I'll sell my "Steelemaster" does to all comers. Guaranteed to be farmable, and bred to a registered boer buck!


----------



## oceanmist (Mar 21, 2006)

Christiaan said:


> Anyone know of any sources of Texmaster or Tennessee Meat Goats in Washington or Oregon?
> Thanks!


not that I know of and I have been a member of chevontalk for 2 years now.

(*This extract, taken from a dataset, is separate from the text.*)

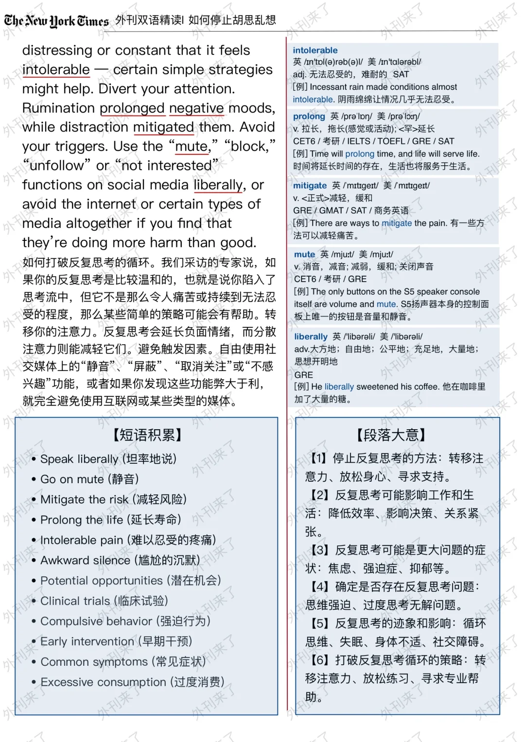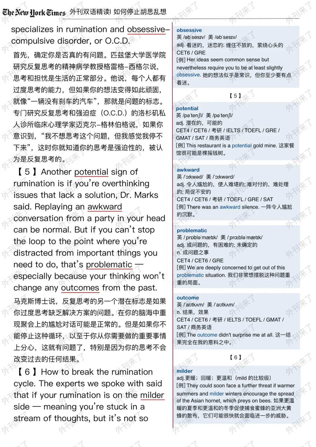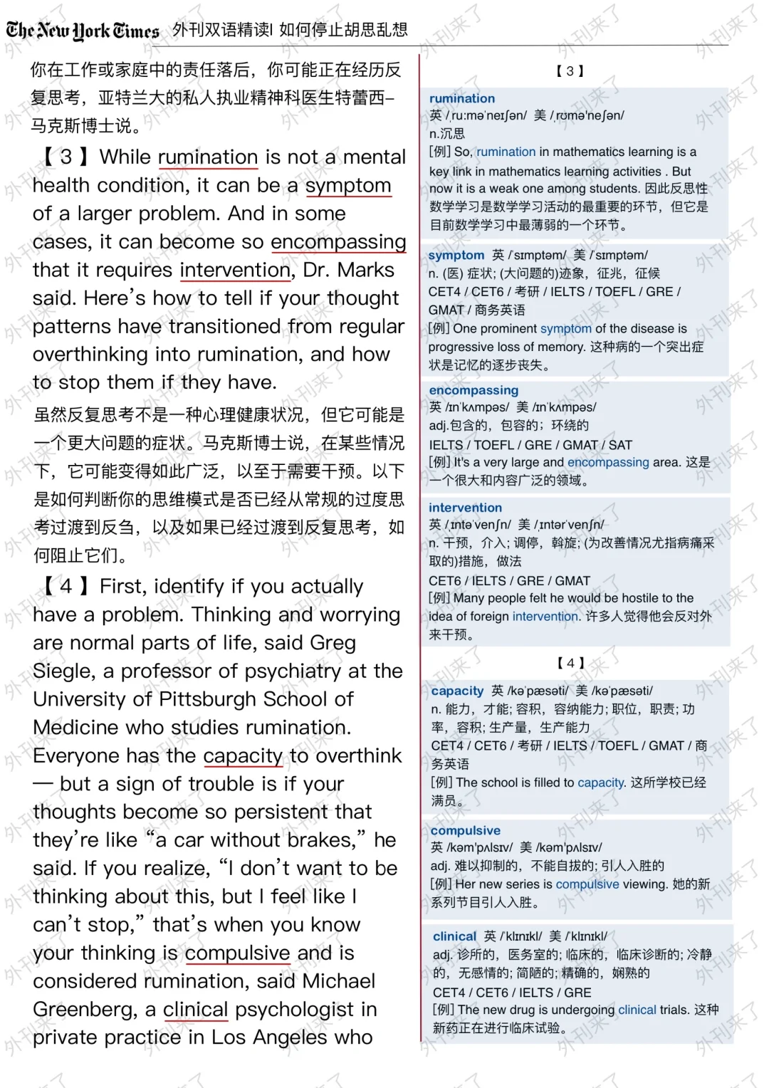 🔥英语学习必备的外刊精读 ⭐选自The New York Times ⭐每周会从原刊中选取多篇文章精读 🏆🏆重点单词⤵️ 🏅ruminate 沉思,反复思考 🏅loop 循环 🏅symptom 症状 🏅encompassing 包容的 🏅capacity 能力 🏅compulsive 难以抑制的 🏅obsessive 着迷的 🏅awkward 令人尴尬的 🏅intolerable 无法忍受的 🏅mitigate 减轻 🏅mute 静音

what part of Oregon/ Washington are you located in?

Misty

PS check your PM


----------



## Jim S. (Apr 22, 2004)

Google is so cool...

These folks say they will soon be into TN Meat Goats...might be, by now...
http://www.cybergoat.com/ScenicFarm/

Here's the farm that trademarked TN Meat Goats, which are just myotonic goats...
http://www.cybergoat.com/links/meat_goat.shtml


----------



## HazyDay (Feb 20, 2007)

NWMO said:


> In Hobby Farms magazine this month. There are some breeders listed there and a couple of listings of "registered" farms/producers.
> 
> I think it is probably available online at Hobbyfarms.com
> 
> Might check it out for some leads.


what one is that? The one with Pumpkins? I haven't got the Nov/Dec one yet :Bawling: It's time again for hobby farms to do a dairy goat issue!


----------



## hoofinitnorth (Oct 18, 2006)

Onion Creek's website, I think it was, talks about how the myotonic factor in the goats makes the meat more tender - true or just a marketing ploy??? The only reason I'd consider raising a myotonic goat for breeding is for MEAT.


----------



## oceanmist (Mar 21, 2006)

Jim S. said:


> Google is so cool...
> 
> These folks say they will soon be into TN Meat Goats...might be, by now...
> http://www.cybergoat.com/ScenicFarm/
> ...



Jim, where on the scenicfarm link, which takes you to Rogue Valley meat goats owned by Linda and Ray Shipley, did you find that they are getting into TexMasters or TMG's?

Also your link to "the farm that trademarked TMG's" takes you to a whole big list of Boer goat farms... I see Onion Creek Ranch on the list, but it is not a direct link to where TMG's were trademarked.

Misty


----------



## Vicki McGaugh TX Nubians (May 6, 2002)

Susanne Gaspforbreath was/is?? TMG, call them fainting goats on there  comeon I dare you  She was chevontalk...maybe not anymore?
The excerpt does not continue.